Elle était adressée à son président, Léopold Alibert, alors directeur sportif de l'équipe Peugeot qui participait au Tour de Belgique.

Bien avant son homonyme Laurent Jalabert (avec un seul l), Louis Jallabert a été, en effet, un coureur cycliste et un entraîneur. A cette époque, ce mot désignait ceux qui, dans les courses de demi-fond, conduisaient la "machine" précédant un coureur (stayer) pour lui donner de la vitesse. Les jambes de trois à cinq cyclistes furent remplacées par des tandems et tricycles à pétrole puis des motocyclettes, dont les moteurs étaient plus puissants.

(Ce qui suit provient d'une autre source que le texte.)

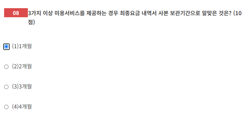 3가지 이상 미용서비스를 제공하는 경우 최종요금 내역서 사본 보관기간으로 알맞은 것은? (10점)
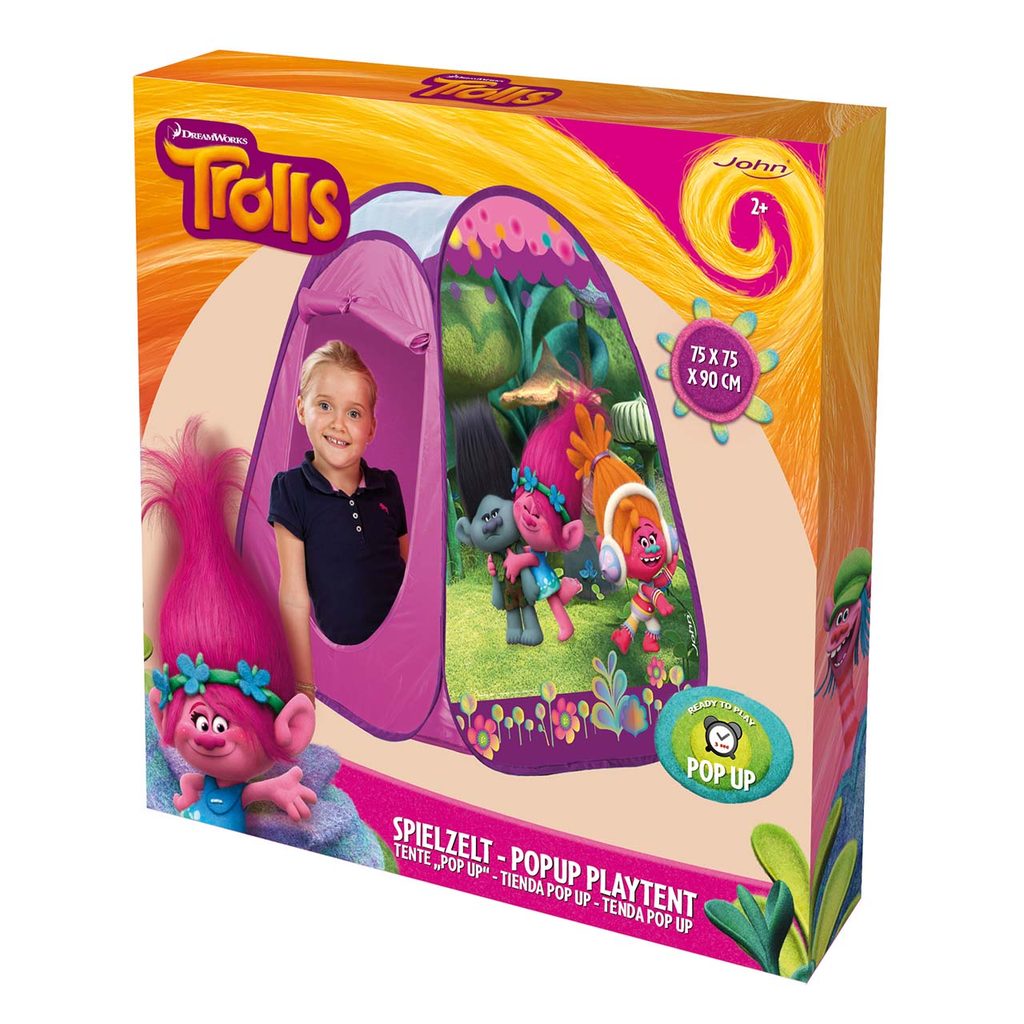 Stan pro venkovní i vnitřní použití s motivem Trollové. Stan lze jednoduše postavit i složit díky pružným tyčkám. Je vyroben z lehkého omyvatelného materiálu. Stan má velikost 75x75x90cm. Je složen v krabici. Doporučený věk 3+
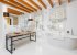 Contemporary European with a Mallorcan touch. The property has been featured in the Spanish interiors magazine 'Nuevo Estilo'. With brickwork walls, white and natural colors and stunning black and white photography on the walls, it is art-lover’s dream. Tom Ford books lie on the coffee table; the main bathroom has a gigantic Lee Jefferys painting and Herman Brood, Bettina Nuschei and Sabala paintings hang elsewhere. We love the airy spaces and the clean lines of the garden.
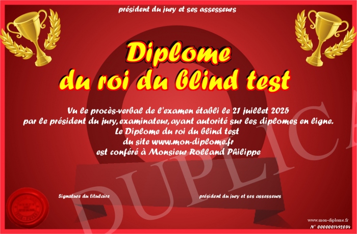 Envoyez par email votre Diplôme du roi du blind test personalisé
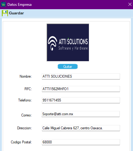 Haga clic en la opción de Datos Empresa e ingrese los datos que solicita tales como la Imagen o logo de la empresa, Nombre, RFC, Teléfono, Correo electrónico, Dirección y Código postal.
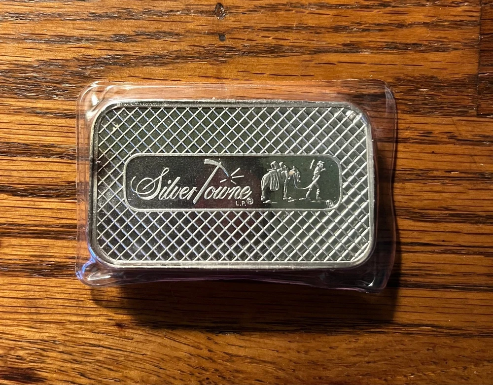 Fineness:0.999Precious Metal Content per Unit:5 ozShape:BarBrand/Mint:SilverTowneTotal Precious Metal Content:5 oz.Composition:SilverCountry/Region of Manufacture:United States

La revue mensuelle de l'Union Vélocipédique de France a relaté, dans son édition de février 1907, que Louis Jallabert était devenu restaurateur à Villennes. L'article nous relate, également, une amusante anecdote sur ses fiançailles.

 

Jallabert, le conducteur de la fameuse quadruplette Jallabert, tient à Villennes (Seine-et-Oise) - charmant petit pays situé au bord de Seine à proximité de Poissy - un restaurant-hôtel de premier ordre. Les sportsmen connaissent bien la maison de Jallabert, et pour cause ...
Quant à Jallabert lui-même, il est devenu le restaurateur modèle prenant son rôle très au sérieux.
Cordiale réception, bonne cuisine, que demander de plus à l'ancien entraîneur de Linton ?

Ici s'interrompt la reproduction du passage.